I agree. I wonder what could have made them just end it like that? There has to be some snarky stuff going on that you dont know about....


----------



## staircase (May 16, 2011)

Neither of them talk to stbx. They hate him with a burning passion.

this is a lot of crap-it feels good to just purge it.

Friend 1: the most drama filled friend I have ever had. It never ended, and it was almost always around boyfriends and hook ups. He burned through friends left and right and did some really shady things to people, but we were really solid. One day he just...drifted away. The only thing that was different was he got fired from a consulting gig we were on together and I got brought on full time. maybe he thought I betrayed him by not walking? He's cut out friends for less. I could have done something that I don't know about, too. The thing that really upset me about this is I also came dangerously close to being fired right along side him. I did NOT throw him under the bus. Maybe he thought I did. I really don't know. Bottom line-he did do something wrong, he took not one but TWO laptops when he left. He was weird in retrospect.

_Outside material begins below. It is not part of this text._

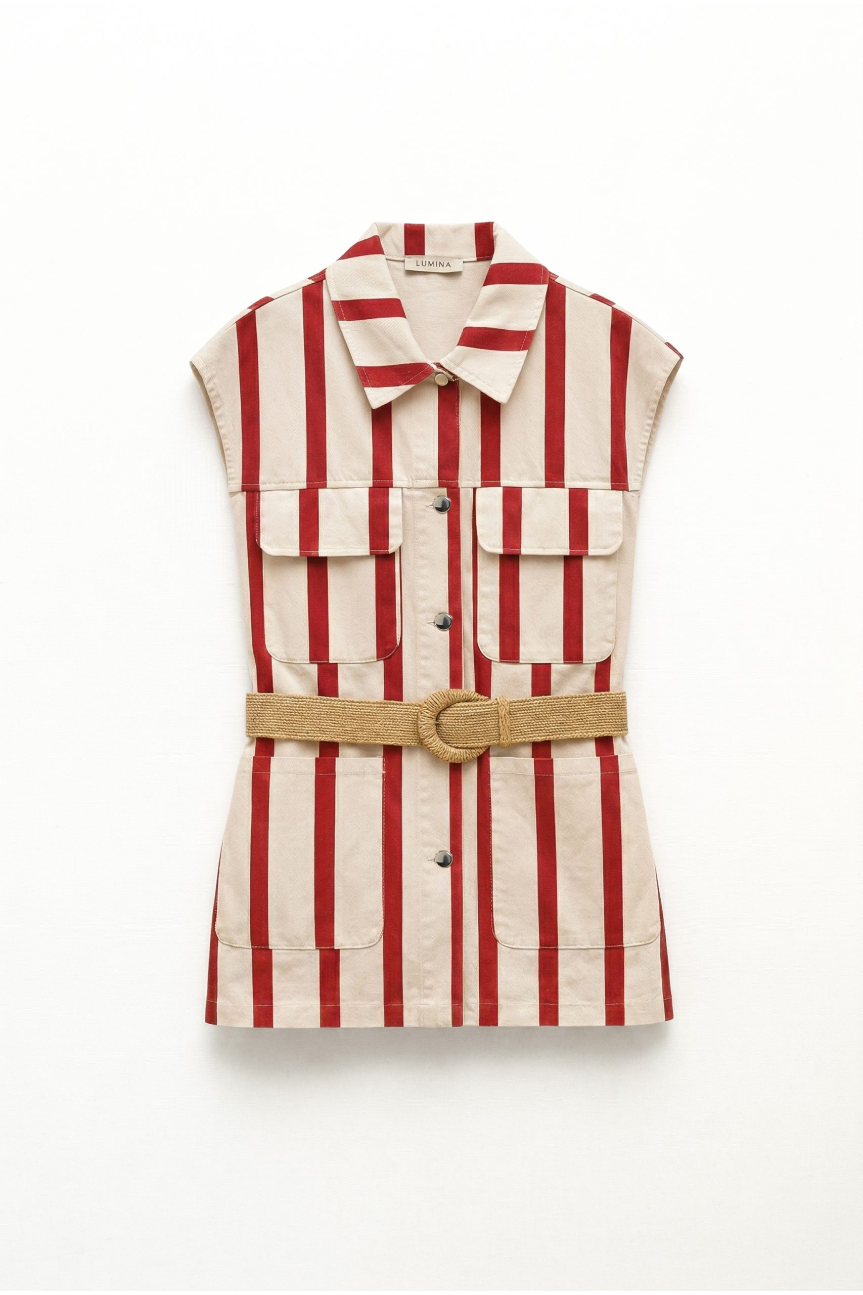 Αναδείξτε το καλοκαιρινό σας στυλ με αυτό το κομψό γυναικείο αμάνικο φόρεμα-γιλέκο, που συνδυάζει διαχρονικό design με μοντέρνες λεπτομέρειες. Το ιδιαίτερο ριγέ μοτίβο σε κόκκινο και εκρού αποχρώσεις προσφέρει φρεσκάδα και κομψότητα, ιδανική για κάθε περίσταση. Διαθέτει γιακά πουκαμίσου και κουμπιά σε όλο το μήκος, προσφέροντας πρακτικότητα και ευελιξία στο styling. Οι μεγάλες μπροστινές τσέπες προσθέτουν λειτουργικό χαρακτήρα, ενώ η ζώνη στη μέση τονίζει τη σιλουέτα και χαρίζει θηλυκή γραμμή. Φορέστε το από το πρωί μέχρι το βράδυ, με σανδάλια για casual εμφανίσεις ή με πιο κομψά αξεσουάρ για ένα προσεγμένο look. Ένα ευέλικτο και στιλάτο κομμάτι που δεν πρέπει να λείπει από τη συλλογή σας.

Friend 2: she has been my closest friend since we were 14. She has a much stronger personality than me so I've often been steamrolled by her. She is the smartest person I have ever met so I listen to her most of the time even though she gets her point across in a very blunt and sometimes painful way. I've been getting a bit sick of that and pushing back. The last straw was something I did not see coming. We were supposed to meet up before a very busy festival. she ended up showing up late and there was no way I could fight the crowds to get to her.

She texts me afterwards but by then the person who drove needed to get back on the train. I couldn't stay behind because my son had the car and he was working. I got the nastiest message about how she's leaving soon (she teaches overseas) and it's a "new low for even for you" which stems from the fact I don't come out to the city a lot. I live over an hour away. Anyway, she has been to my house once in 12 years-literally. I always go out there. I am very hurt, but really I have had enough.

I know this all sounds very one sided, and that's because it is. I have no resolution or closure with these people. Just what happened as I see it.


----------



## caughtdreaming (May 30, 2011)

Ouch with Friend 1 and friend 2. I guess you know now that they weren't worth your effort. 

Personally I have 0 close friends and now I pretty much have no one to call up to hang out with. This is due to the fact that I started dating stbx and my friends disappeared(yup). 
Also I moved around a lot before I got married 4 different cities in 4 years due to school and other circumstances, so I didn't bother making friends because I was always moving around. 
I figured I would always have stbx and his sisters/friends to hang out with. I was wrong. Now I have to try and meet new friends on top of later having to try and meet someone special. 
Or maybe I'll just be alone for the rest of my life :/

Where do you even go to make friends lol. Ive always been too shy and don't have a lot in common with other women.


----------



## Jellybeans (Mar 8, 2011)

Happy birthday


----------



## d1221 (Mar 13, 2011)

Hi Staircase,

I am glaf your anniversary turned out for you better than you anticipated. Mine was the 29th of last month bettrr than I thought as well. One thing we can be proud of is that we are stronger than we realize and although we may have some bad days, we probably have progressed more than we realize.
_Posted via Mobile Device_


----------



## staircase (May 16, 2011)

Anniversary almost over and still doing well!


----------